Question

A projectile is thrown with velocity V at an angle with the horizontal . When the projectile is at height equal to half of the maximum height then the vertical component of the velocity of projectile is-

Answer 1

A projectile is thrown with velocity v at an angle $\theta$ with horizontal.

then, $v_x=vcos\theta ,v_y=vcos\theta$

we have to find vertical component of velocity of the projectile at height equal to half of the maximum height.

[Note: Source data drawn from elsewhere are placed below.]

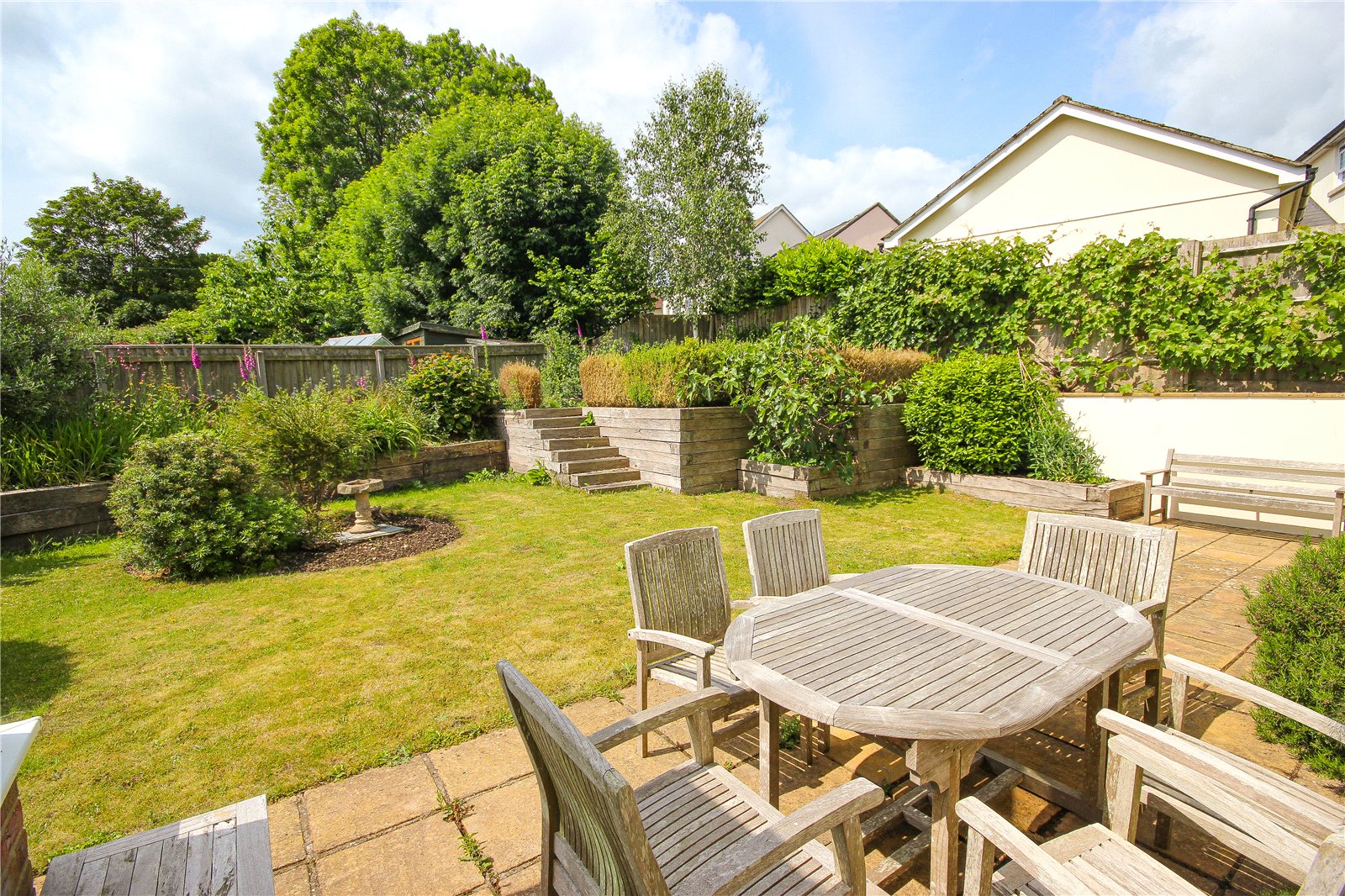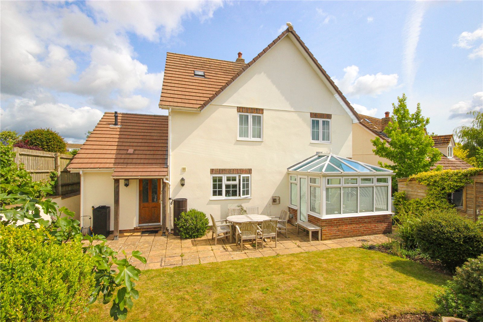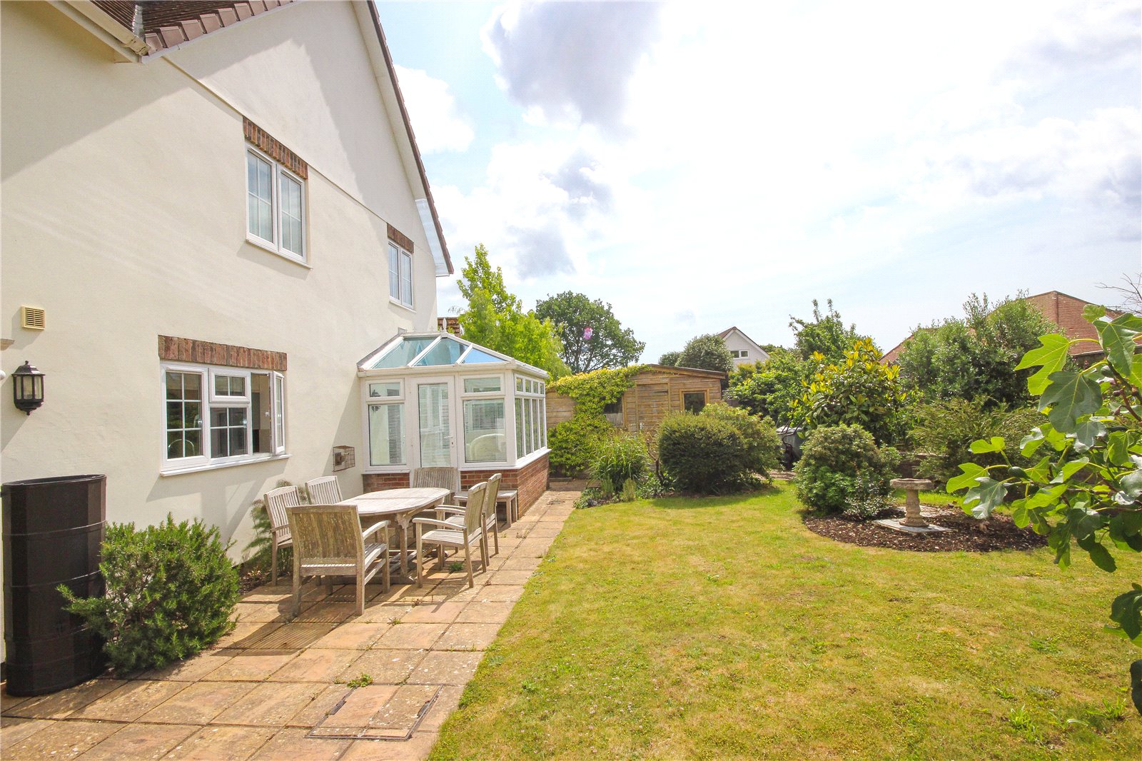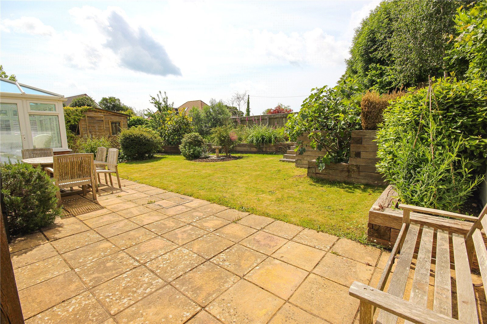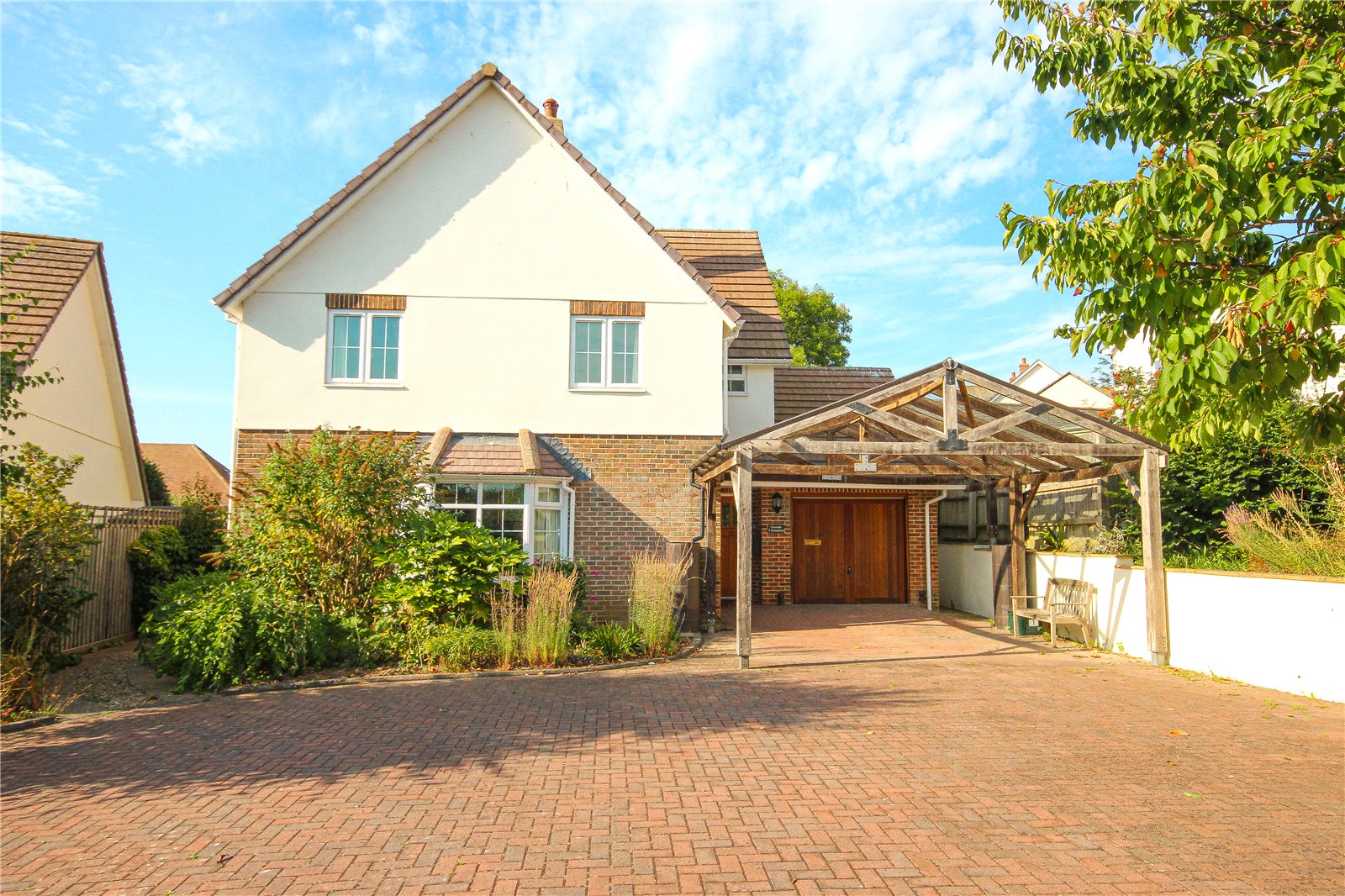 The property is approached over a brick paved driveway past one neighbouring property. There is an attractive wooden carport in front of the attached garage, and to the front of the house there is an abundance of flowering shrubs and plants creating a pretty frontage. A pathway leads around the front of the property then to one side which is fully paved and suitable for boat or trailer storage, with a wood store and large garden shed beyond. This then opens directly into the rear garden with a good sized seating area adjacent to the conservatory and kitchen. Beyond the seating area is a lawn with flower and shrub borders and raised garden areas to side and rear with wooden railway sleepers rising up to an area with raised vegetable beds.
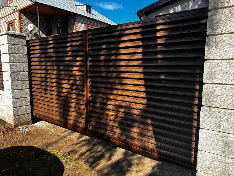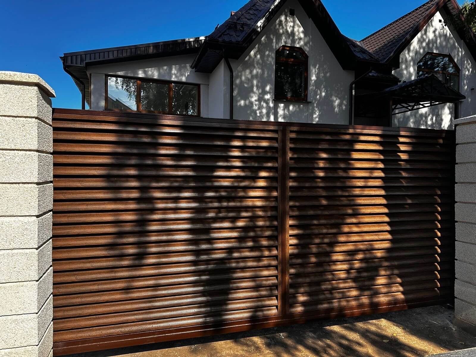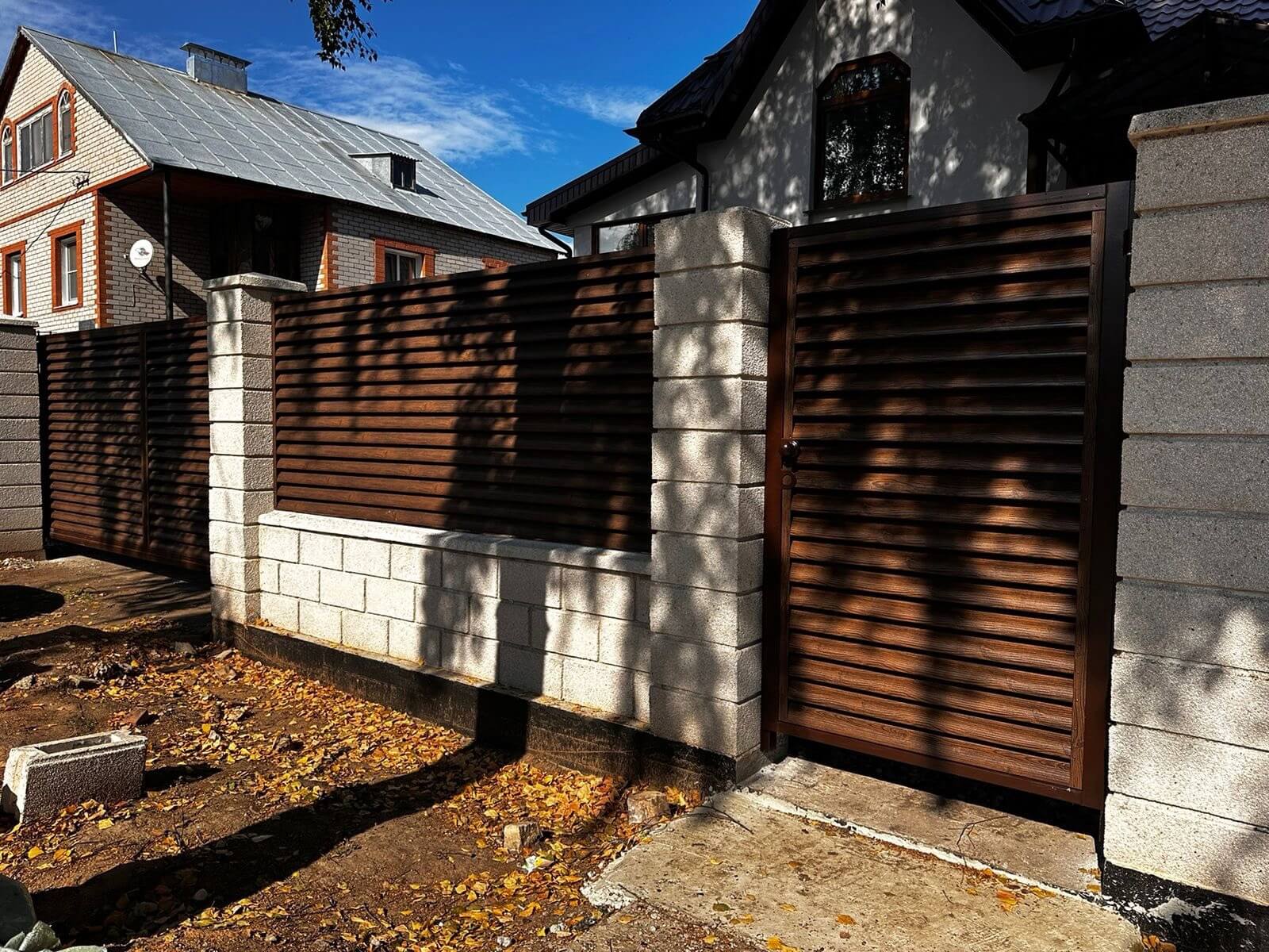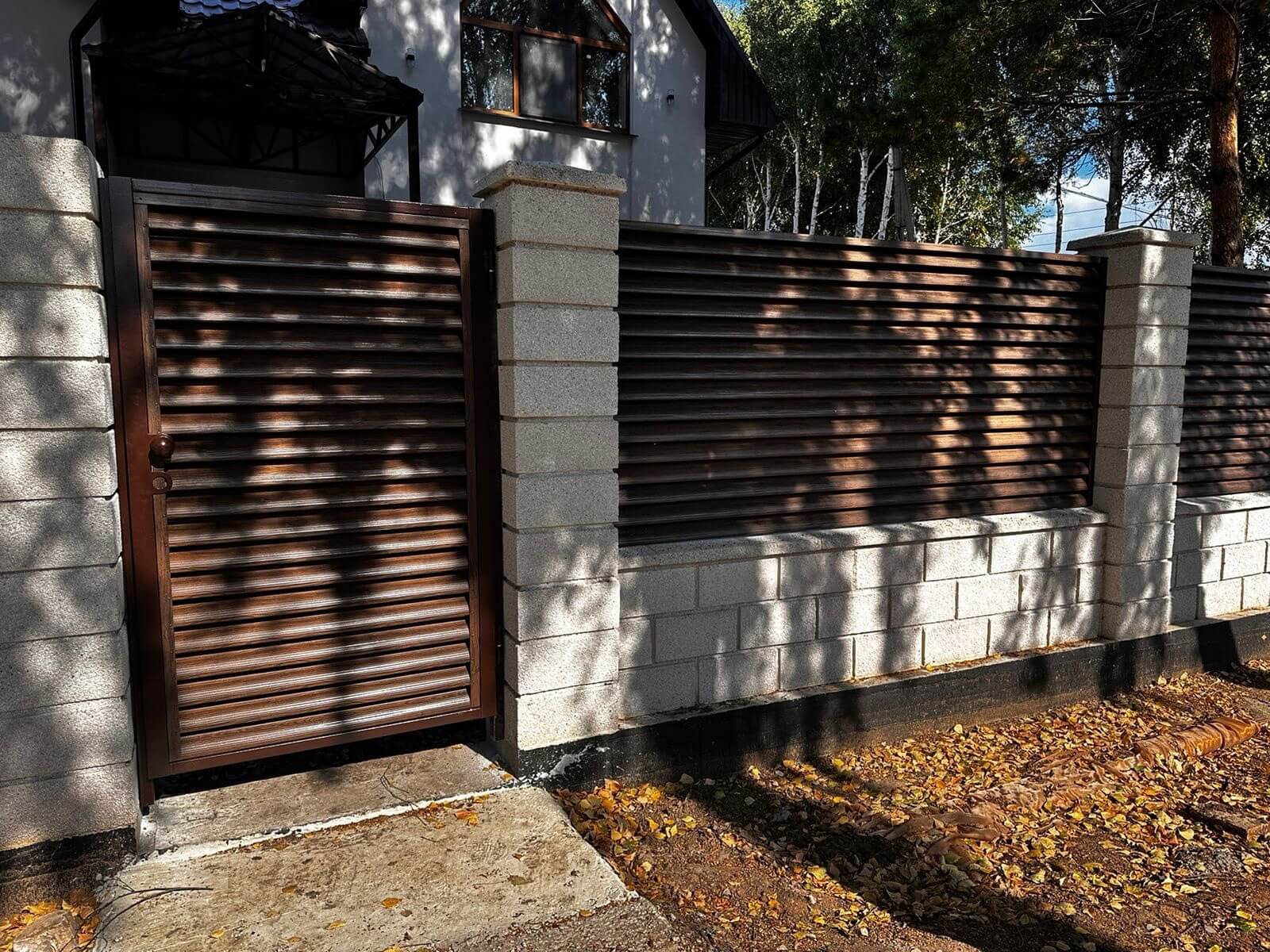Секция забора жалюзи из ламелей еврожалюзи Темный Каштан 3D Принтек с кирпичными столбами анфас односторонний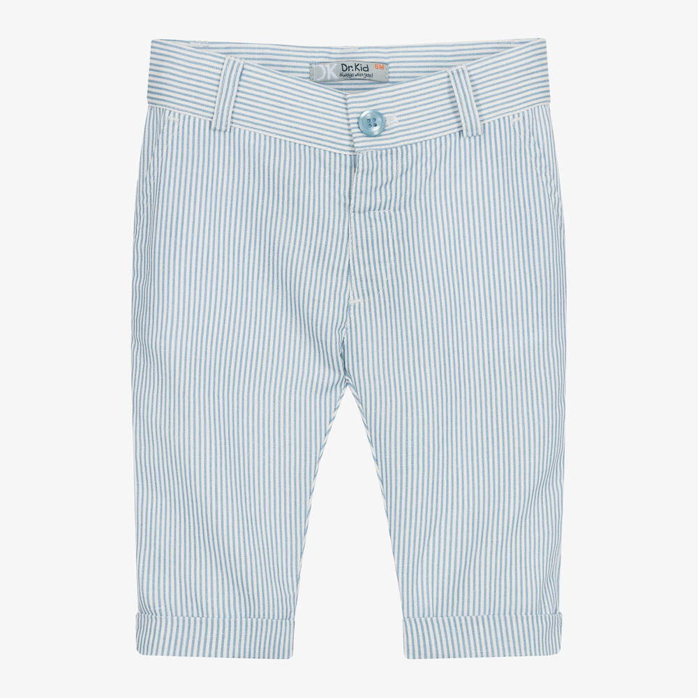 Blue and white trousers for little boys by Dr. Kid, made in a soft linen and cotton blend. They have slanted front pockets, turn-up hems and a decorative buttoned pocket on the back for a smart look. A blue button fastens neatly on the front and the adjustable waistband makes sure the fit is just right.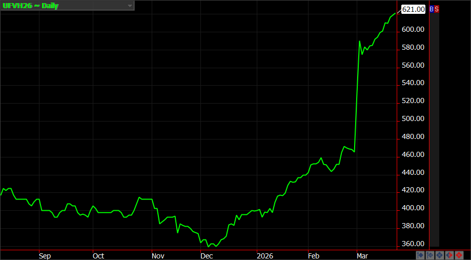 These combined disruptions across both nitrogen and phosphate supply chains are now showing up clearly in pricing. Since the war’s onset, fertilizer prices have surged. For example, the March 2026 Urea (Granular) FOB US Gulf futures contract was at $465.50/MT on February 27, the day before the war began, and has since climbed to $621/MT as of March 23 — a 33% increase in less than a month (Figure 3).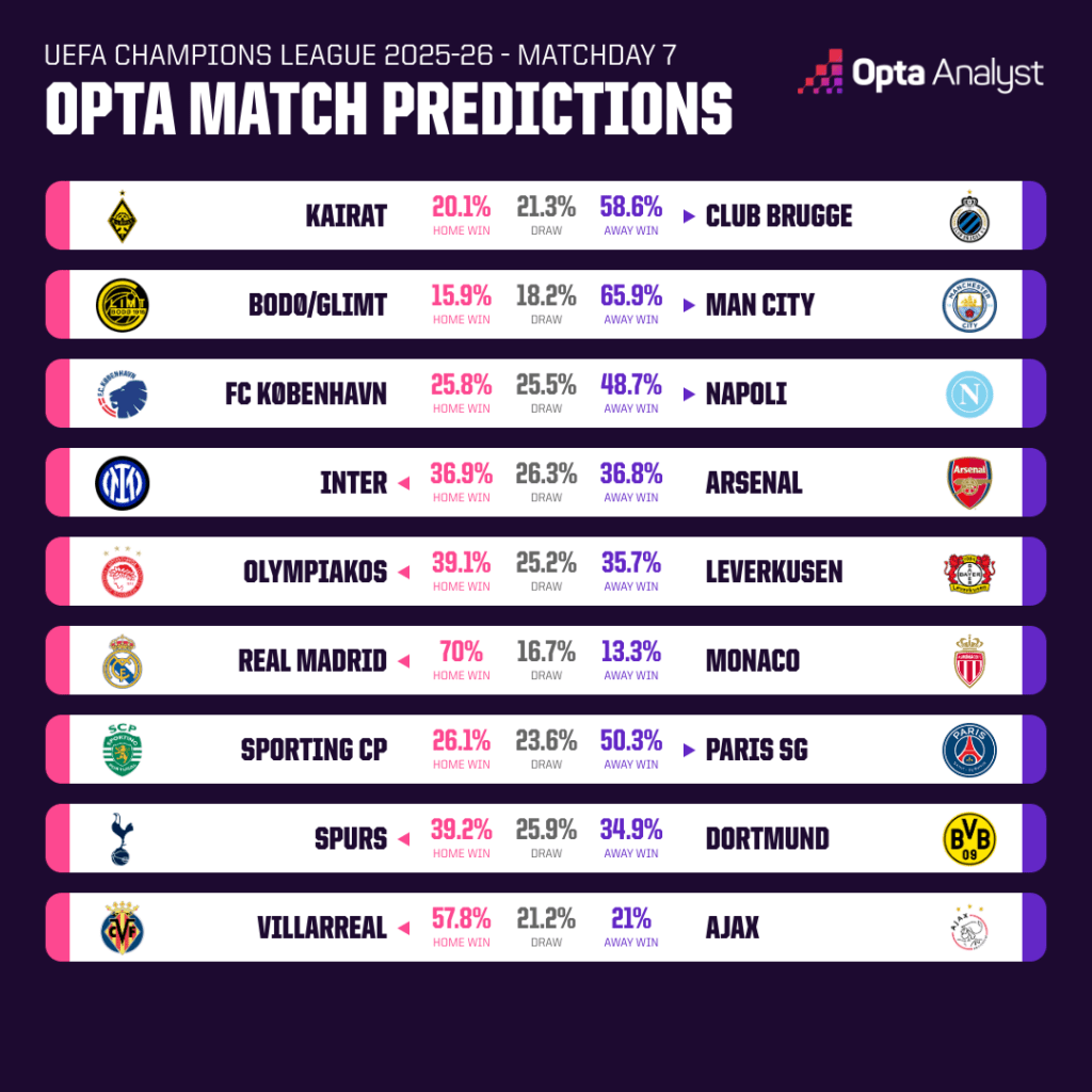 Berikut merupakan prediksi lengkap Matchday 7 Liga Champions Eropa versi Superkomputer Opta: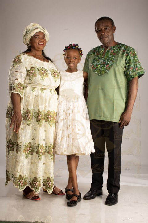 Famille Africaine maman fille sourire costume bleu paire noire robe fleur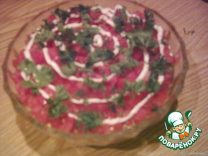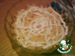 Сверху на сыр выкладываем рубленые яйца и полить майонезом.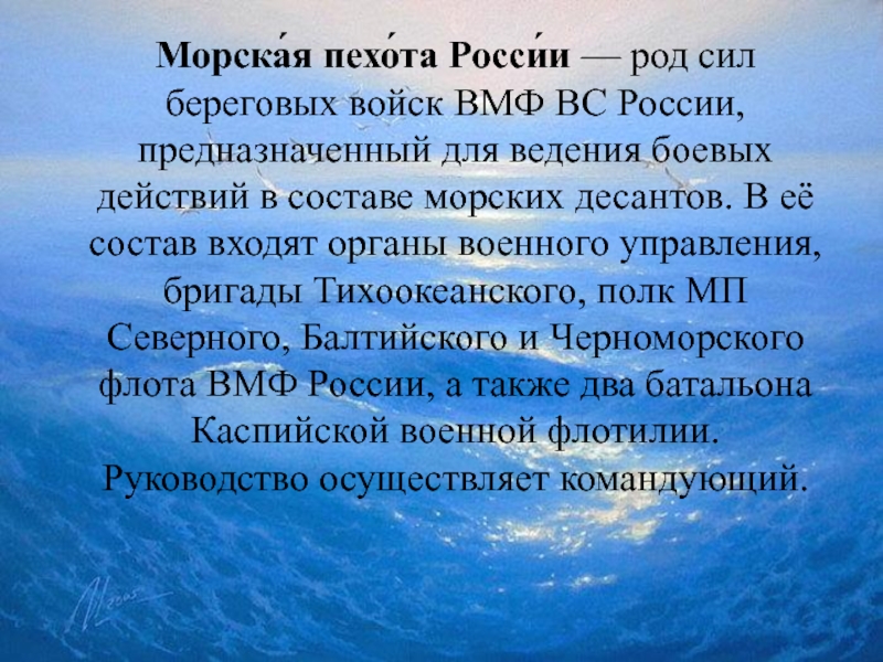 Слайд 2Морска́я пехо́та Росси́и — род сил береговых войск ВМФ ВС России, предназначенный

we know, $H_{max}=\frac{u^2{sin}^2\theta }{2g}$

here u is intial velocity of projectile. but here given initial velocity is v

so,$H_{max}=\frac{v^2{sin}^2\theta }{2g}$

now, time taken to reach half of maximum height, t

$Y=v_{y}t+\frac{1}{2}{a}_y{t}^2$

$\frac{v^2{sin}^2\theta }{2g}=vsin\theta .t-5t^2$

$200t^2-40vsin\theta .t+v^2{sin}^2\theta =0$

$t=\frac{(\sqrt{2}\pm 1)vsin\theta }{10\sqrt{2}}$

${v_y}^{{}^{\prime }}=v_y+a_{y}t$

$=vsin\theta -\frac{(\sqrt{2}-1)vsin\theta }{\sqrt{2}}$

$=\frac{vsin\theta }{\sqrt{2}}$